The film’s broader scope is apparent from the opening shots in space, where an American space capsule is eaten by an unidentified craft. Although the book’s Japanese setting remains, most of the plot is entirely different. Bond’s task is to find out where the mystery spacecraft landed and who is behind it. After investigating a Japanese chemical company he follows the trail to an island with a small fishing village. Parts of the book are used here, as Bond trains as a ninja and ‘marries’ a girl in the village, ostensibly so he can disguise himself to avoid detection and investigate further. He discovers Blofeld’s lair inside a hollowed-out volcano from where he has been launching his predatory rockets, capturing both American and Russian spaceships, in an attempt to start a war between the US and the Soviet Union.


By this point the Bond film formula had been fairly well established, and YOU ONLY LIVE TWICE ticks all the boxes. It has the gadgets, girls, action scenes and terrible jokes the audience had come to expect. The volcano set cost more than the entire production budget of DR. NO and is still the most spectacular villain’s lair in the series to date, and probably the most parodied. There are plenty of fights and action scenes – Bond getting ‘killed’ at the start, the fight at Osato, the car chase, the fight on the docks, the plane crash, the Little Nellie sequence, the fight at the ninja school and the giant pitched battle at the end between Tiger’s ninjas and the Spectre goons. The downside to this is that the film’s plot is not as cohesive as in the book, or, indeed, earlier entries in the film series. Many parts seem to be dictated by whatever set pieces the producers wanted to include, the worst example of this being the plane crash sequence. It doesn’t make sense on any level, in terms of Brandt’s motivation or plot requirements, and it’s not as if the film actually needed another action sequence, especially with the superior helicopter battle occurring not long after.

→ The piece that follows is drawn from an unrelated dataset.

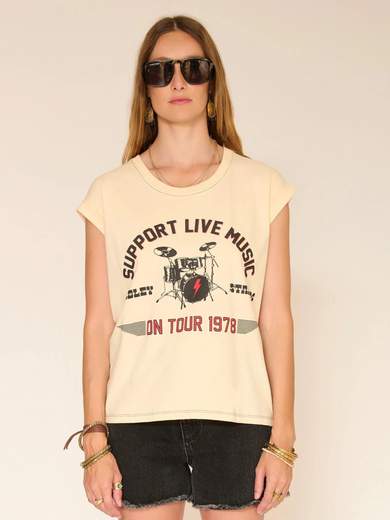 T-shirt a girocollo dall'aspetto decisamente rock, Tamus è disponibile in diversi colori. Il suo messaggio "Support Live Music", accompagnato da una batteria stampata, afferma un'estetica grezza e musicale. Un pezzo forte, grafico, pensato per infondere un'energia rock a una figura semplice.

Other plot elements seem to be unnecessary hangovers from the novel. Bond’s Japanese disguise, the clearest example of this, is something that works much better on the page than on screen. Not only is it ridiculously unconvincing, it is also superfluous to the plot – the disguise is not necessary for him to infiltrate Blofeld’s lair and there are no parts of the film where he has to pass himself off as a Japanese (although this is probably for the better, as disbelief can only be suspended so far. Having the bad guy launch rockets out of a hollowed-out volcano is one thing, but to have someone actually mistake Sean Connery for an Oriental would be venturing too far into the realm of fantasy). It is hardly surprising that it is abandoned without explanation, but you wonder why it was included in the first place. I enjoy the whole Ama village sequence in the film; although to work properly it needed to be longer. In plotting terms it is not strictly necessary but it is one of the elements which give the film its unique feel. I guess one reason for the inclusion of these bits in the film is because the main plot differs so much from the novel the filmmakers felt they had to retain as much as possible in order to be faithful to Fleming.

Both the novel and film of YOU ONLY LIVE TWICE rank among my favourites in their respective formats. Both are excellent examples of where the series was at the time. Fleming’s writing developed considerably over the ten years since CASINO ROYALE and the book is a great showcase of this. The film arrived at the height of the hype surrounding the series and combines the expected cinematic spectacle with a smart screenplay and excellent direction, things that are largely missing from THUNDERBALL.